Near-infrared also has some properties that make it interesting from an authentication perspective. First, light in the visible spectrum has little or no effect on light in the infrared spectrum. Second, just as different materials absorb or reflect different amounts of light in the visible spectrum, they also absorb or reflect different amounts of light in the infrared spectrum. Notably, veins become more discernible, even through skin, when viewed in this spectrum.
02. Where infrared is used today
Infrared light is currently in use in (at least) two different authentication schemes. The first is facial recognition, in which an image is captured and compared to a reference image in both the visible and near-IR spectrum. Many mobile phones, and even laptop and desktop computers, have infrared cameras for this purpose.
The second authentication method in which infrared imaging is used is vein scanning. The vein patterns in our hands and fingers are, theoretically, highly unique, and so can be scanned like a fingerprint to identify us. Vein scanning has been used in medical contexts, particularly as a way to find blood vessels during phlebotomy, or blood drawing. For instance, the AccuView AV500 scans the patient’s veins and redisplays them as an overlay on the patient’s skin.
Fujitsu and Hitachi have recently brought vein scanning authentication products to market (PalmSecure and VeinID, respectively) that identify individuals based on their unique vein patterns.
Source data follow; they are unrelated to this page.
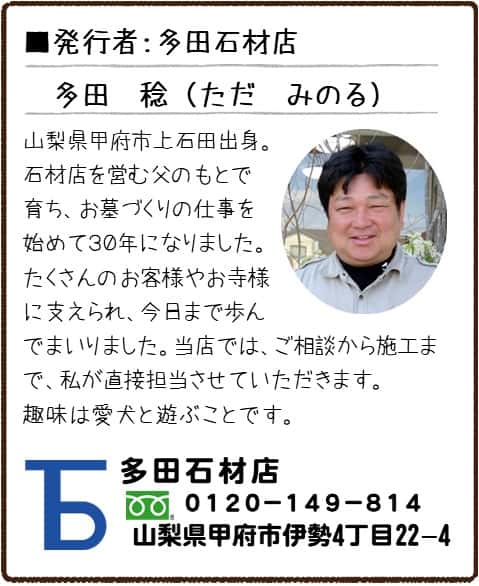 今月号も、最後までご覧いただきまして、誠にありがとうございました。(多田石材店 多田 稔)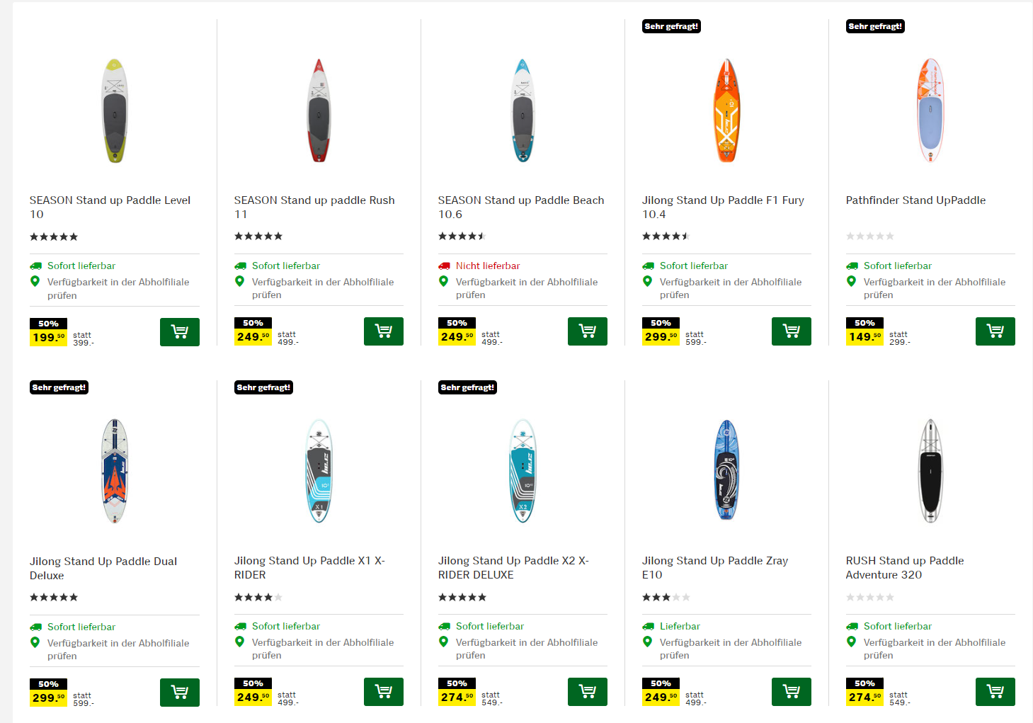 Bei Coop Bau+Hobby gibt’s derzeit 50% Rabatt auf alle Stand Up Paddles. Zu finden sind insgesamt 12 Modelle ab 149.90 Franken. Ausserdem könnt ihr weitere 10 Franken einsparen, indem ihr euch für den B+H Newsletter anmeldet!
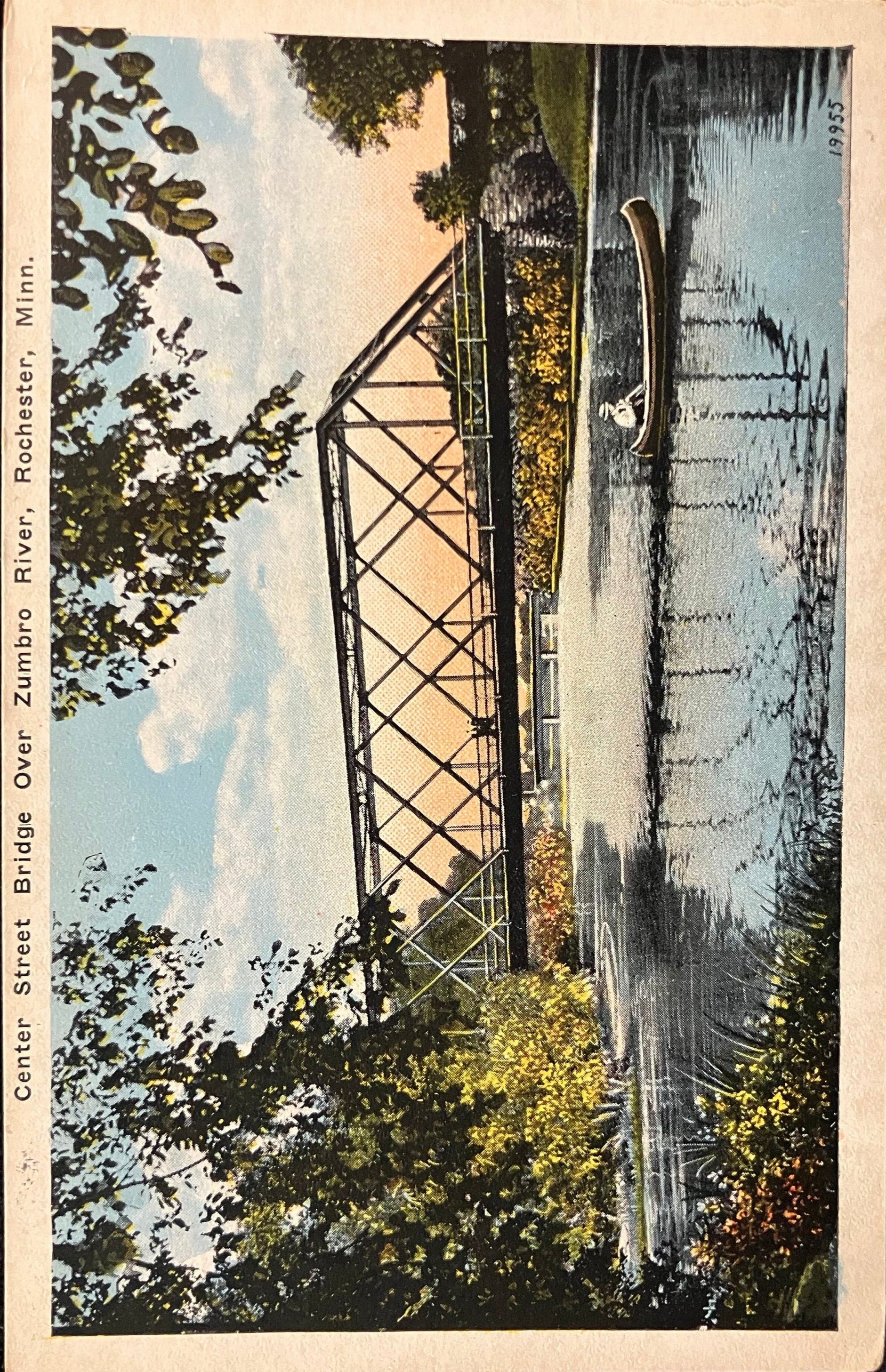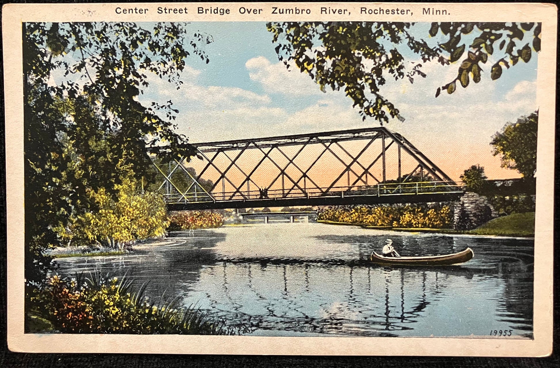 Center Street Bridge Over Zumbro River, Rochester, Minn. - Vintage Bridge Postcard - Canoeing in 1910 on the Zumbro River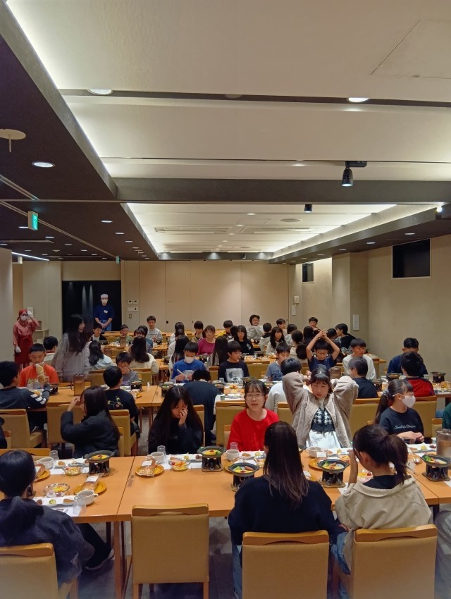 起床してから朝食までの時間で、ほとんどの部屋班が出発準備まで整えることができました。すばらしいですね。「いただきます」までにかかる時間も、どんどん短くなってきています。2日目もみんなで力を合わせて、よい修学旅行にしていきましょうね。

Fujitsu’s PalmSecure takes a near-IR image of one’s palm at a distance of 4-6 centimeters while Hitachi’s VeinID images one’s finger placed inside a scanner pod, similar to a pulse oximeter.
It is interesting that these two products work in very different ways. The PalmSecure scanner is contactless (although there is a placement guide to assist if needed). You hold your flattened hand a few centimeters above the scanner and it will take an image of your vein pattern in the near-IR spectrum.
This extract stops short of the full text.